Харуто должен быть где-то неподалеку вместе с еще примерно пятью-шестью людьми, чьи имена стерлись, но Дазаю плевать. Меньше всего на свете он хочет, чтобы кто-то портил момент. Момент гребаного полета к звездам. Не такого полета, от которого напрочь крышу сносит, а медленного, плавного, вроде комфортабельного стеклянного лифта прямиком к Господу.
Нет, правда, разве не в этом суть? Не в том, чтобы заглянуть немного дальше, чем
в собственную тупую голову обычно позволено? Одно
путешествие, и он снова найдет причину жить и писать музыку, — ту самую, что копится целыми гигабайтами на старом жестком диске, но почему-то ни за какие уговоры не покидает пределов своего локального пространства.
Толчок. Нужен какой-то толчок. Нужно что-то.
Дазай резко поднимается, отряхивается от прилипших к одежде листьев, и, блять, они все-таки были мокрыми, но — нахуй. В общем-то, пошло
оно все нахуй.
...пошло хорошо, действительно хорошо, и тянет почему-то дальше, в чащу, к черным деревьям и их вековому молчанию. Дазай слепо бредет вперед, спотыкаясь о толстые корни (
это не змеи, помни, это не змеи) и сдирая ладони о старую кору. Что-то должно быть впереди, что-то значимое, но ветви не хотят отпускать — цепляются за футболку, останавливают, просят вернуться. Алиса Лидделл вернулась, и Дазай вернется, просто не сейчас, чуть позже.
За спиной — голоса, голоса компании, которая никакая не компания, и отблески разведенного на ночь костра. Прочь, прочь от них, пока не заставили сесть у огня и не загрузили каким-нибудь бессмысленным словесным хламом, пока не украли первозданную тишину и не подменили ее бездарным суррогатом.
Дазай понятия не имеет, сколько сейчас времени. Ночь почти безлунная, непроглядная, и в ней время не имеет значения. Но даже если так, если время не остановилось на самом деле, то тратить на кого-то драгоценные минуты — непростительная глупость, расточительность, которую не покрыть деньгами.

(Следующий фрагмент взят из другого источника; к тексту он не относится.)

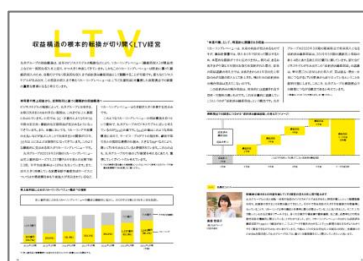
○LTV（生涯利益）を重視した長期視点での経営
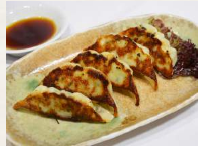
38. GYOZA japanische Maultaschen
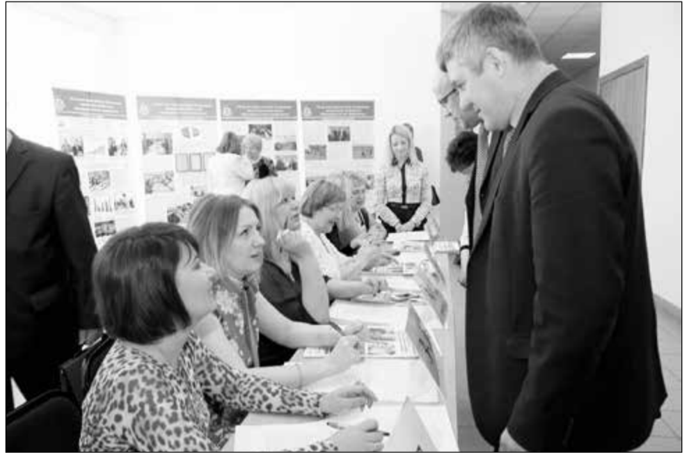
Идет регистрация делегатов конференции.

Беспокоит нехватка возможностей для полноценного оздоровления педагогов. За счет средств облбюджета каждый год в профилактории «Оптимист» поправляют здоровье 1250 работников отрасли, но это крайне мало, если учесть, что в учреждениях образования области, где есть профорганизации, трудится почти 55 тысяч человек. Обострилось и положение дел с детским летним оздоровлением, есть претензии к системе рас-
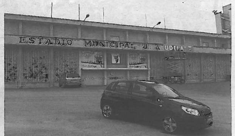
Los operarios colocan parte del cartel del Ciudad de Tudela.

Ocho años después de que se promulgara la Ley de Símbolos, el Ayuntamiento ha cumplido con la normativa y ha cambiado de forma definitiva este nombre colocado en agosto del año 1969, cuando se inau-
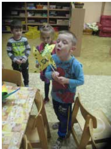
„Rozfoukáme větrníky“.

Celá Evropa si 21. listopadu připomíná cystickou fibrózu, vzácné, geneticky podmíněné a nevyléčitelné onemocnění, které postihuje především dýchací a trávicí ústrojí a radikálně zkracuje nemocným život. V České republice žije cca 600 nemocných, medián jejich dožití je 38 let. Nemocným cystickou fibrózou se někdy říká slané děti, protože mají až pětkrát slanější pot.
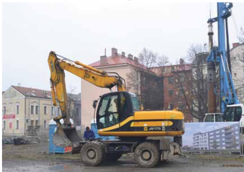
Stavebníci již hloubí základy.
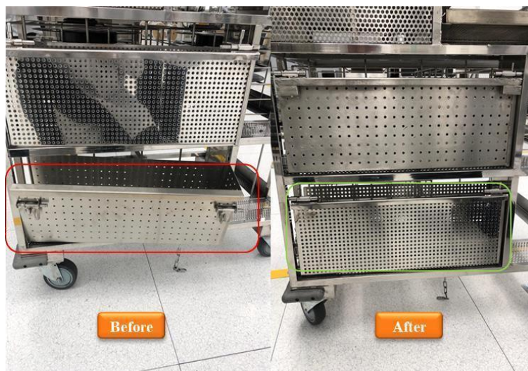
Gambar 4. Keadaan Laci Penyimpanan Metal Troli Sebelum dan Sesudah diperbaiki.

Gambar 4 menunjukkan proses perawatan troli industri. Pada foto tersebut, kondisi sebelumnya menunjukkan tempat penyimpanan Metal di troli yang tampak miring dan tidak stabil. Jika tidak diperbaiki maka akan timbul dampak negatif. Dalam keadaan perbaikan, ini menunjukkan tempat penyimpanan Metal di troli telah dinaikkan dan dikunci, sehingga tampilan tetap aman dan tanpa masalah.
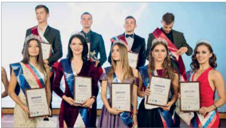
Выступления позиди: фотосессия победителей

В городе-герое Севастополь состоялся 12-й Всероссийский конкурс «Мисс и Мистер Студенчество России – 2018». В течение недели представители 45 регионов проходили различные этапы: сдавали нормы ГТО, учились самопрезентации, готовились к интеллектуальному и творческому состязаниям. Завершилось мероприятие грандиозным гала-концертом на территории Государственного музея-заповедника «Херсонес Таврический».
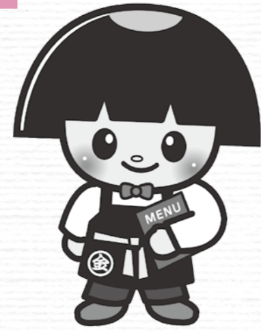
きんたくんバルバージョン

また、インターネットや電話で事前予約するとチケットを前売り価格で当日購入できますので、ご利用ください。チケットが残った場合も、10月20日(木)~23日(日)の「あとバル」期間中に、1枚700円の金券として使えます。詳しくはきんたくんバル実行委員会へ。
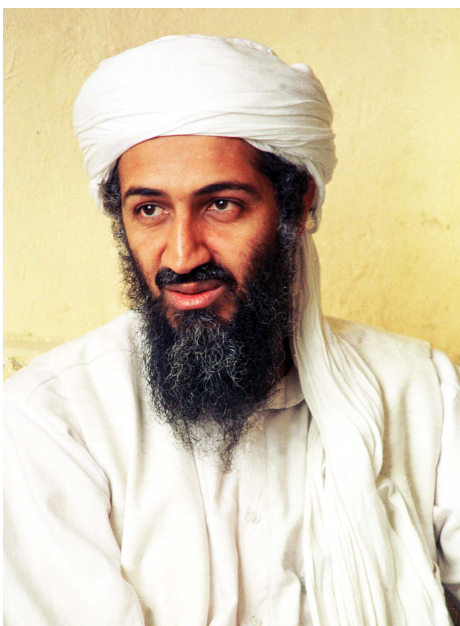
Auch das Netzwerk des Terrors ist zu einem globalen Phänomen geworden, hier sein Markenzeichen.

Auch hier gibt es den Gegenpol. Zur Zeit ist viel vom globalen "Netzwerk des Terrors" die Rede. Und zahlreiche weitere kriminelle Aktivitäten sind ebenfalls weltweit vernetzt: der Drogenhandel, der Frauenhandel, der neue Sklavenhandel, der Handel mit menschlichen Ersatzorganen oder Embryonen oder mit Waffen, wie z. B. jenen Massenvernichtungswaffen. Und nicht selten sind diejenigen, die das offiziell bekämpfen, selbst an diesen Netzwerken und Machenschaften beteiligt.
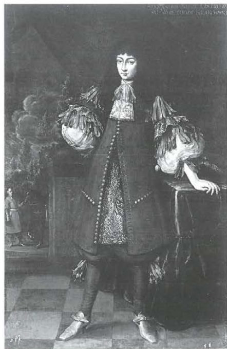
Aleksander Ostrogski, mal. Andrzej Stech (?), ok. 1670 r. Państwowe Muzeum Sztuki w Mińsku.
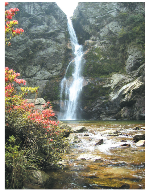
▲平龙冲瀑布。
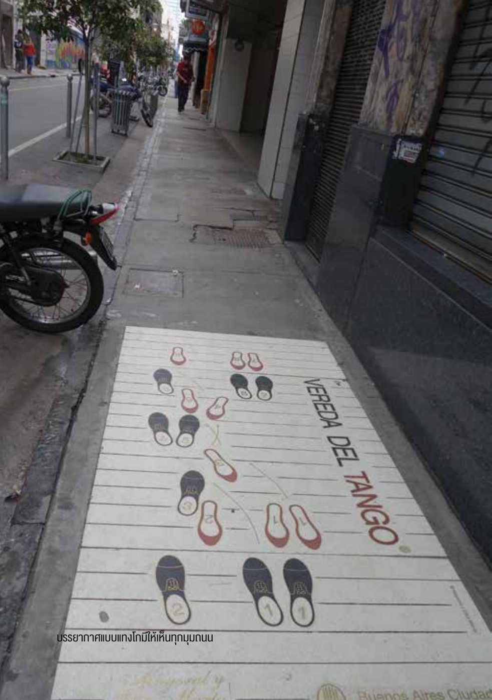
บรรยากาศแบบแทงโกมีให้เห็นทุกมุมถนน
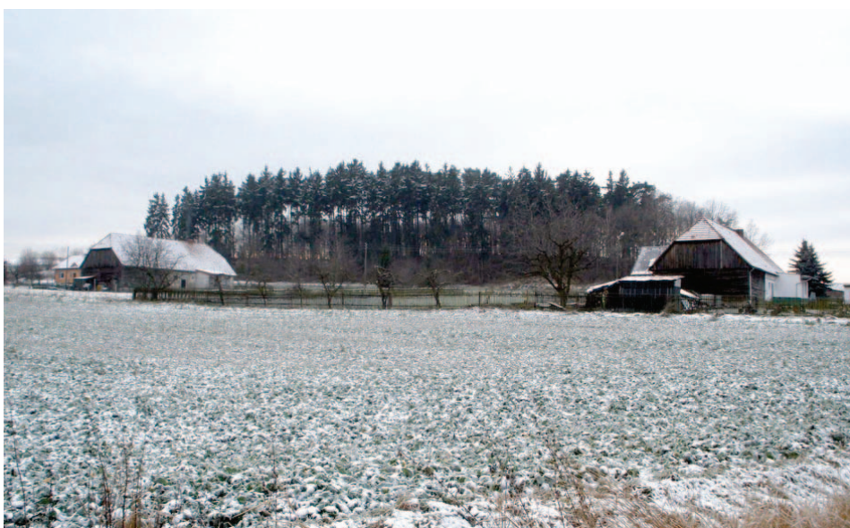
Budynki drewniano-murowane w Krukowie
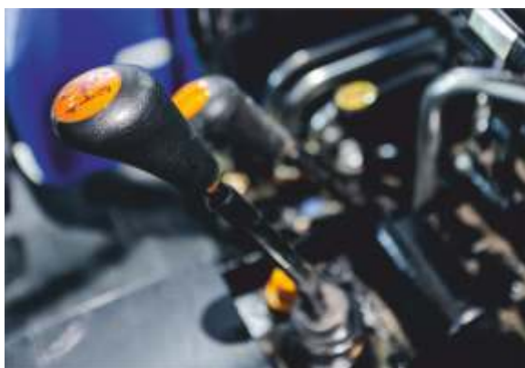
КПП 8x8 с реверсом

Дазай думает об этом снова, когда видит впереди тонкий силуэт, отделившийся от земли и вытянувшийся в полный рост. Вроде женщина. Если чертов лесной дух — ничего страшного; он, Дазай, ведь ничего дурного не сделал, мусора за собой не оставил, а костер — это не его, так что и не ему отвечать.
— Дазай?
Глаза огромные, темные, без радужки, искрящие безумием.
Дазай почти наугад находит чужую руку в темноте, и эта холодная рука — вся в кольцах, в тяжелых камнях, половина из которых к утру наверняка окажется навеки потерянной. Вот и дар местным обитателям, если их интересуют такие тривиальные вещи.
— Боже, как хорошо, что это ты. Я так не хотела, чтобы это был кто-то из ребят. Они не затыкаются, понимаешь? Эти уроды никогда не затыкаются. Я ушла, чтобы не слушать.
Всего лишь Озаки.
А жаль.
Потому что ее рыжие волосы — что-то напоминающее о реальности.
Дазай тянется к ним почти невесомой рукой, только-только тронутой татуировками, и касается тяжелых прядей, забитых мелкими кусочками листьев и крохами земли, и Озаки сначала вздрагивает, нервно облизывает пересохшие губы, но все-таки смиряется. С ней тоже что-то не так. В смысле, по-настоящему не так. Дазай смутно чувствует родство: та же нетерпимость к жизни, бессильное сопротивление невидимому врагу, нелепый бунт ради бунта. Бедняжка.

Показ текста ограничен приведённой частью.